Psalms Connected to 2 Samuel
The Psalter contains thirteen psalms whose superscriptions connect them to specific episodes in David's life, most of them narrated in Second Samuel. These superscriptions are not part of the original poems - they were added by editors at some point in the transmission of the text, probably during the process of compiling the Psalter. Their historical accuracy as biographical notices is debated among scholars. But regardless of when they were added and how accurately they reflect historical circumstances, they create a deliberate interpretive link between the Psalter and the narrative of David's life, inviting readers to hear each psalm in the light of a specific human situation and to read the narrative in the light of the prayers it generated.
Psalm 51 and the Bathsheba Incident
Of all the connections between the Psalter and Second Samuel, the most theologically freighted is the superscription of Psalm 51, which reads: "A psalm of David. When Nathan the prophet came to him after David had gone in to Bathsheba." Psalm 51 is the most personal and most searching penitential psalm in the entire Psalter. Its opening lines - "Have mercy on me, O God, according to your steadfast love; according to your abundant mercy blot out my transgressions" - have been prayed by individuals and communities in extremity across three thousand years of Jewish and Christian tradition.

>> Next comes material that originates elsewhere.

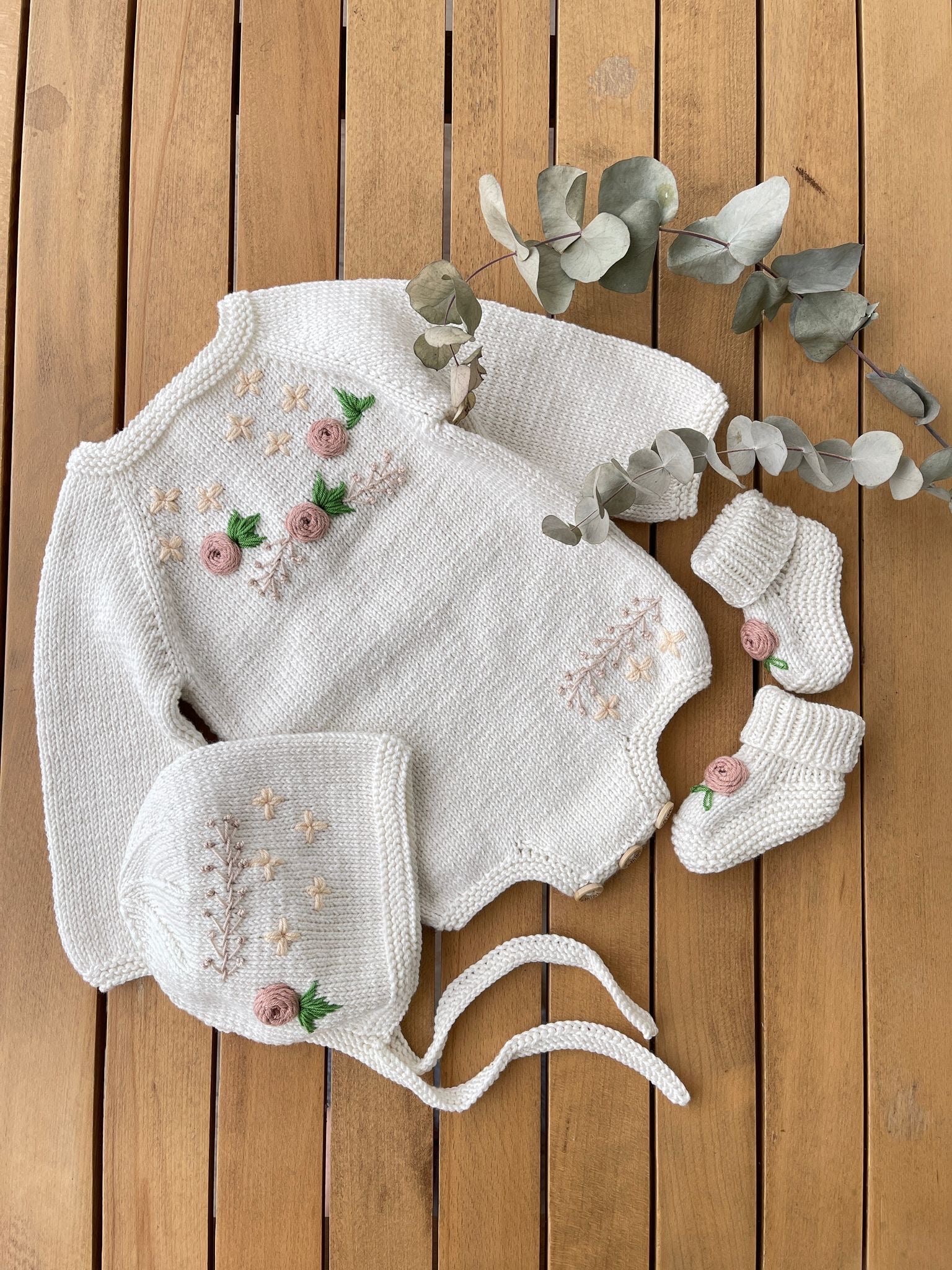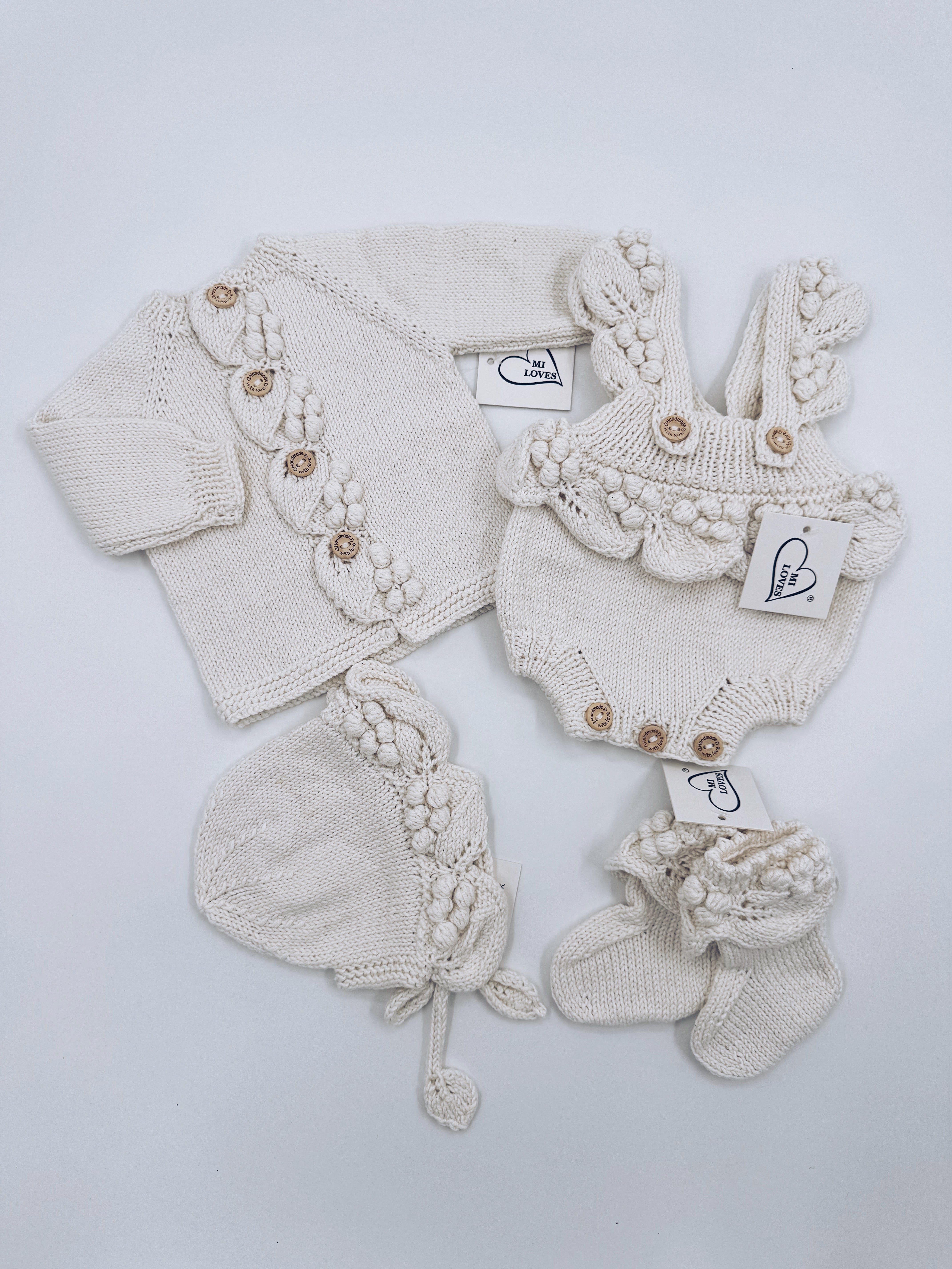Beautiful Ivory Hand Knitted 3 piece set with floral details.

The superscription invites readers to hear the psalm as the interior prayer that accompanied David's public confrontation with Nathan described in 2 Samuel 12. The psalm does not name the specific sin, which allows it to function as a universal vehicle for penitence. But read in its Davidic context it becomes a window into the subjective dimension of an event the narrative describes from the outside. The famous line "Against you, you alone, have I sinned" is both theologically precise and, in the context of a man who committed adultery and had Uriah killed, humanly complex enough to require careful handling. Scholars have noted the tension between this claim and the obvious harm done to Bathsheba and Uriah, and the tension is productive: it points to the theological claim that all sin is ultimately a rupture of the creature's relationship with the Creator, without for a moment excusing the human damage.

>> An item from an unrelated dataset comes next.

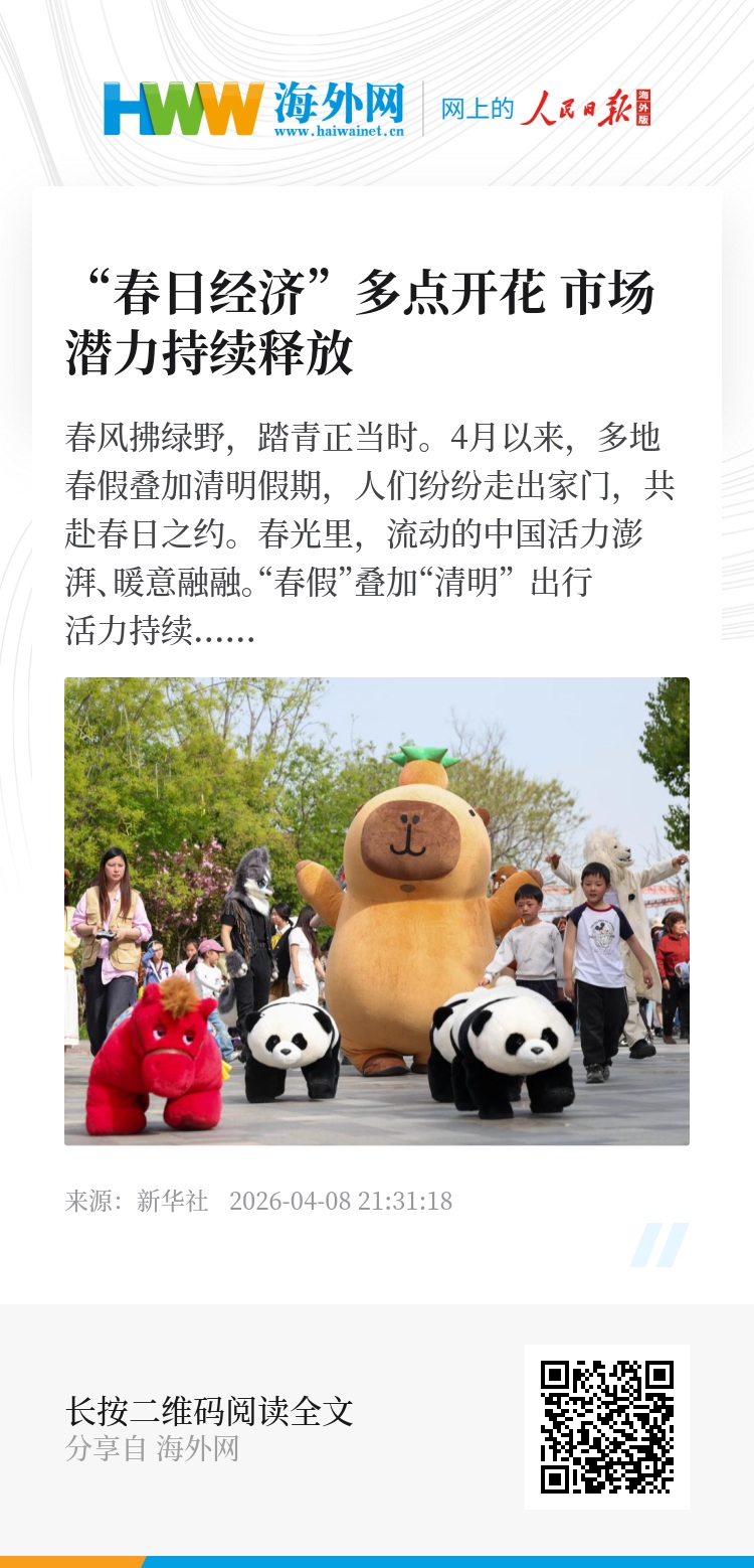 春风拂过,生机涌动。多元的春日体验、创新的消费场景,正以更丰富的姿态拥抱春天,让“春日经济”活力四射、蓬勃向上。

Psalm 3 and Absalom's Rebellion
The superscription of Psalm 3 reads: "A psalm of David, when he fled from his son Absalom." The psalm begins with David surrounded by enemies who are telling him that God will not deliver him, and it moves through a posture of trust to an expression of confidence in divine protection. Read against the background of 2 Samuel 15-18, where David flees Jerusalem as Absalom's rebellion gathers force and must cross the Jordan under humiliation, the psalm takes on a specific texture. The theological claim - that David lay down and slept in the midst of danger because God sustained him - corresponds to the narrative's presentation of David as a man who, even in extremity, retains his relationship with God in ways that his more conventionally powerful son does not.
Psalm 18 and Its Parallel in 2 Samuel 22
The most striking connection between the Psalter and Second Samuel is the near-identical appearance of a lengthy poem in both texts. Psalm 18 in the Psalter appears again, with some textual variation, as the extended poem in 2 Samuel 22. The Psalm 18 superscription describes it as "a psalm of David the servant of the LORD, who addressed the words of this song to the LORD on the day when the LORD delivered him from the hand of all his enemies and from the hand of Saul." Second Samuel 22:1 gives essentially the same introduction and then reproduces the poem at length.
The presence of the same poem in two canonical locations raises fascinating questions. Which came first - the Psalter version or the narrative version? Were they drawn from a common source? The textual variations between the two versions are small but real, suggesting either independent transmission of a common tradition or deliberate editorial adaptation in one or both locations. The poem itself is a celebration of divine deliverance using striking natural imagery - earthquakes, fire, darkness, lightning, and the parting of cosmic waters - to describe what it feels like to be rescued from mortal danger. Its placement at the end of the main narrative of Second Samuel gives it the character of a retrospective doxology over David's entire career.
Other Psalms in the Davidic Narrative Context
Psalm 7 is superscribed to "the words of Cush, a Benjaminite" - possibly a reference to a member of Saul's tribe who accused David during the period of conflict between them, though the specific individual is unidentified in the narrative. Psalms 57 and 142 are superscribed to David's period of hiding in a cave, possibly the cave at Adullam described in 1 Samuel 22, and they carry the texture of pursuit and concealment that marks that section of the narrative.
What these connections demonstrate, taken together, is that the editors who compiled the Psalter understood the Psalms not merely as liturgical texts for communal use but as the prayers of real people in real situations. The Davidic superscriptions are a hermeneutical strategy: they propose that the Psalms grew out of concrete human experience of the kind narrated in Samuel, and they invite readers to bring their own concrete experiences to the same texts. The strategy works regardless of whether the historical connections are accurate, because the situations the superscriptions invoke - guilt, flight, betrayal, deliverance, gratitude - are universal enough to carry the connection across the distance of time and specific circumstance.